To investigate catechol-O-methyltransferase Val158Met gene polymorphism in MDMA use disorder (MUD) by comparing genotype distributions between MUD patients and healthy controls considering clinical parameters.

METHODS

Eighty-two MUD patients' were consecutively admitted to the outpatient psychiatry clinic in May 2019-January 2020, and 95 healthy volunteers were included in the case-control study.

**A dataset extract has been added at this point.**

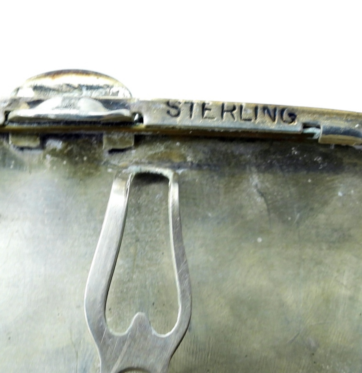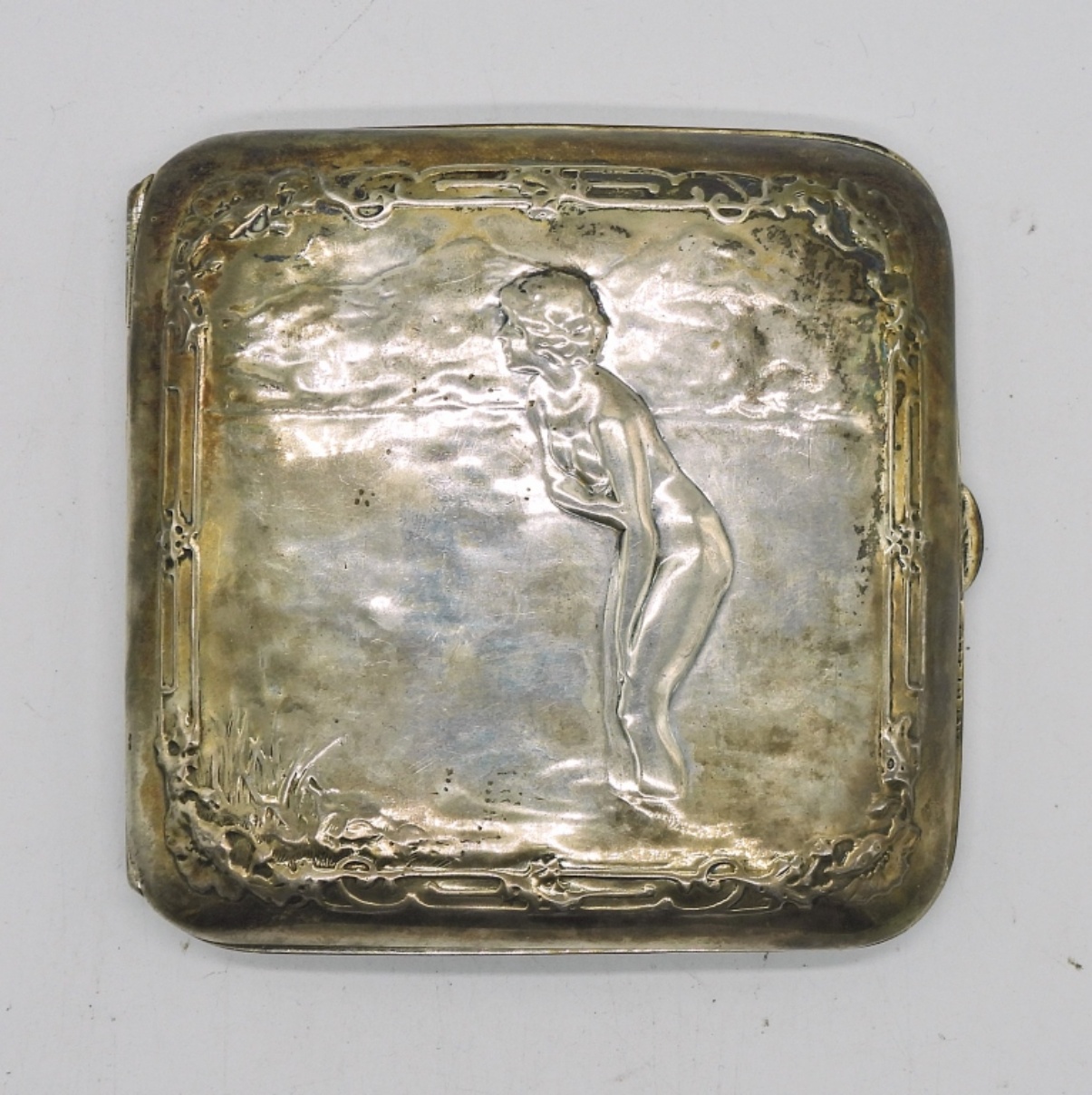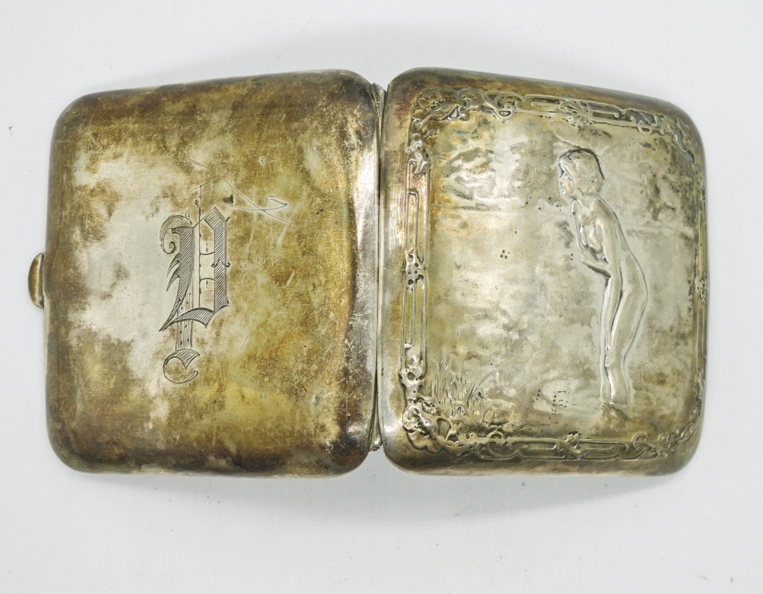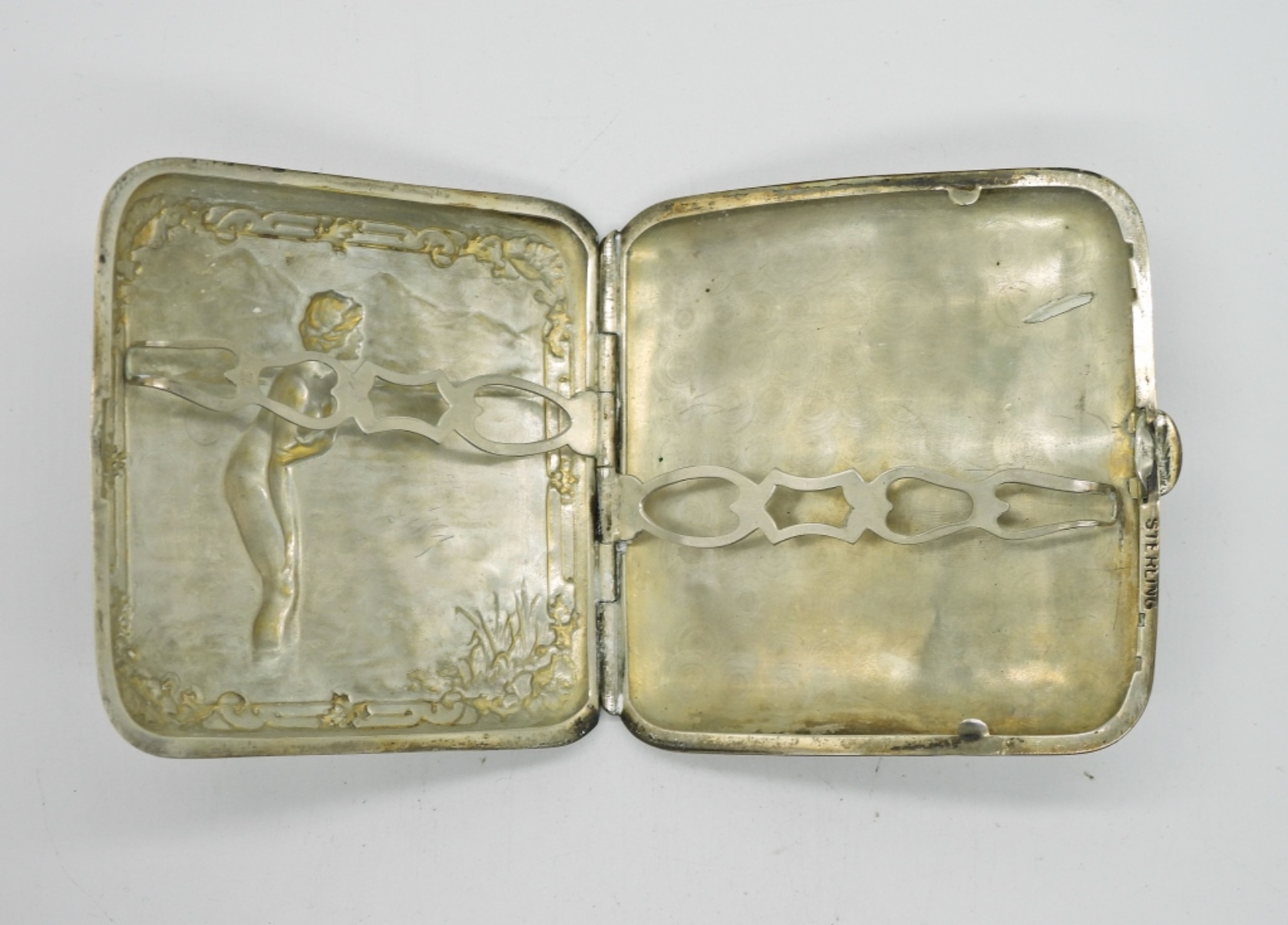 VINTAGE STERLING CIGARETTE CASE WITH NUDE WOMAN ON THE FRONT, BACK IS ENGRAVED WITH A LETTER. MEASUREMENTS ARE 3.5″x3.5″. MARKED “STERLING”. 52.7 DWT

We used the polymerase chain reaction (PCR) and restriction fragment length polymorphism (RFLP) to determine Val158Met polymorphism.

RESULTS

The Val158Met genotype distribution and allele frequencies of the MUD patient group were significantly different from the healthy control group. The Met/Met genotype (OR: 2.692; 95% Cl: 1.272-5.698; =0.008) and Met allele frequencies (OR: 1.716; 95% Cl: 1.118-2.633; =0.013) were significantly higher in the control group than in MUD patients. When the Val158Met genotype and allele frequency distributions were compared between 2 groups according to the psychotic symptoms in the MUD patient group, the Val158Met genotype distributions were significantly different between the groups of patients. The percentage of patients with the Val/Val genotype was significantly lower in MUD patients with a psychotic symptom than the MUD patients without a psychotic symptom (OR: 2.625; 95% Cl: 1.069-6.446; =0.033).

CONCLUSION

The Val158Met gene polymorphism was found to be related to the MUD-diagnosed Turkish patients and MDMA-induced psychotic symptoms.